Ed è proprio per questo che, paradossalmente, serve tornare a guardare: con occhi umani, lenti e consapevoli.
Una crisi globale della visione scientifica
La scienza moderna deve gran parte dei suoi trionfi alla capacità di vedere oltre i limiti naturali dei nostri sensi. Dalla lente di Galileo che rivelò nuovi astri al microscopio di Hooke che svelò l’esistenza delle cellule, l’osservazione diretta ha illuminato territori sconosciuti, ampliando la comprensione del mondo [1].
Oggi, però, nell’era dei big data e delle analisi automatizzate, si profila un paradosso inquietante: disponiamo di strumenti di osservazione sempre più potenti, eppure stiamo perdendo la capacità di vedere nel senso più profondo del termine. Questa “cecità” della scienza non è ovviamente una mancanza di vista fisica, ma il sintomo di un progressivo smarrimento dell’intuizione visiva e concettuale che collega i dati alla comprensione della realtà.

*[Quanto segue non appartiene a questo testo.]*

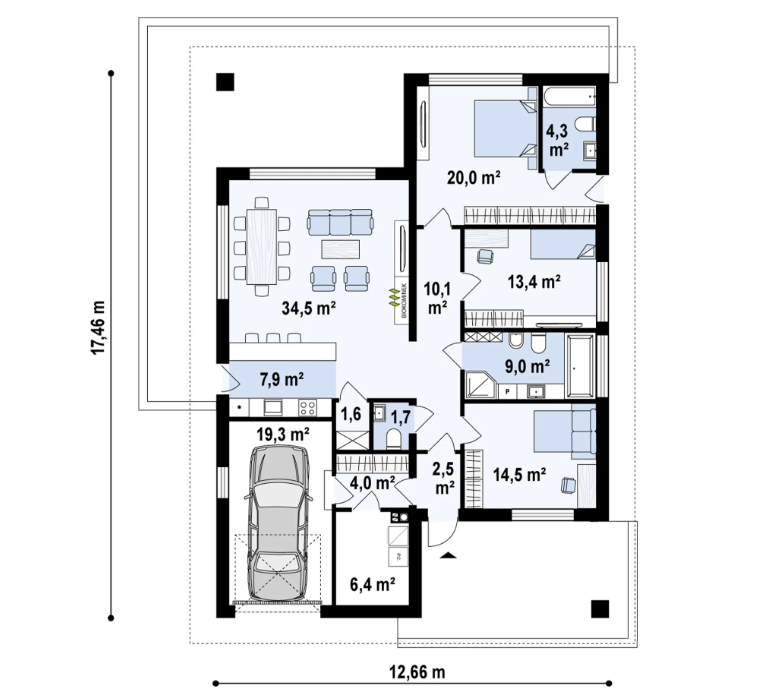 Sień – 2,5 m² Garderoba – 4,0 m² Hol – 10,1 m² Kuchnia – 7,9 m² WC – 1,7 m² Spiżarnia – 1,6 m² Salon + jadalnia – 34,5 m² Pokój – 14,5 m² Łazienka – 9,0 m² Pokój – 13,4 m² Pokój – 20,0 m² Łazienka – 4,3 m² Pomieszczenie gospodarcze – 0,0 m² / 6,4 m² Garaż – 0,0 m² / 19,3 m²

A livello globale, l’attività scientifica sta vivendo una crescita esponenziale nella produzione di risultati. Ogni anno vengono pubblicati oltre 2,5 milioni di articoli scientifici nel mondo, una mole impressionante se paragonata ai circa 800 mila di inizio millennio e ancor più ai circa 200 mila degli anni ’70. Questa abbondanza informativa, tuttavia, non si è tradotta in un equivalente avanzamento della conoscenza profonda. Al contrario, diversi studi segnalano un rallentamento del progresso in settori chiave della scienza [2]. Un’analisi bibliometrica su decine di milioni di lavori scientifici ha mostrato che le ricerche davvero dirompenti, quelle capaci di aprire nuove strade e rivoluzionare i paradigmi esistenti, sono proporzionalmente sempre più rare [2]. Oggi è statisticamente meno probabile rispetto alla metà del Novecento che un singolo studio “cambi il corso” di un intero campo scientifico. Questo declino nella visione innovativa della scienza è emerso trasversalmente in tutti i settori ed è così marcato da aver suscitato un diffuso “esame di coscienza” nella comunità scientifica internazionale. Ci si interroga sulle cause profonde di tale tendenza: perché, nonostante più scienziati che mai lavorino e pubblichino, stiamo assistendo a una sorta di miopia collettiva che impedisce di cogliere scoperte di grande portata?
Una delle spiegazioni avanzate riguarda l’iperspecializzazione e l’eccesso di informazioni. Man mano che la conoscenza si accumula, i ricercatori tendono a focalizzarsi su ambiti sempre più ristretti, attingendo a un corpus limitato di letteratura precedente. Uno studio recente ha collegato il calo di scoperte dirompenti proprio al progressivo restringimento dell’orizzonte bibliografico [2]. In questo modo, il sapere scientifico procede con il paraocchi, avanzando in profondità su binari già tracciati ma perdendo di vista visioni laterali potenzialmente rivoluzionarie.
A ciò si aggiunge la sovrabbondanza di dati: paradossalmente, l’oceano di risultati disponibile rischia di sommergere la capacità umana di discernimento. Orientarsi in mezzo a migliaia di articoli anche solo nel proprio micro-settore diventa arduo; figuriamoci mantenere una visione d’insieme. Come osservano in molti, i ricercatori di oggi devono leggere (e spesso recensire) un numero enorme di lavori, ma il tempo per riflettere e vedere oltre le evidenze immediate è sempre più scarso. Un ulteriore segnale di questa “cecità” emergente è la crisi di comprensione che porta a errori e inciampi nel metodo scientifico stesso. Negli ultimi anni si parla diffusamente di crisi della replicazione: molti studi, specie in biomedicina e psicologia, si sono rivelati non riproducibili quando altri gruppi hanno cercato di replicarne i risultati [3]. Questo fenomeno indica che a volte si pubblicano conclusioni senza averle comprese a fondo, magari affidandosi a elaborazioni statistiche o software sofisticati senza un controllo empirico diretto.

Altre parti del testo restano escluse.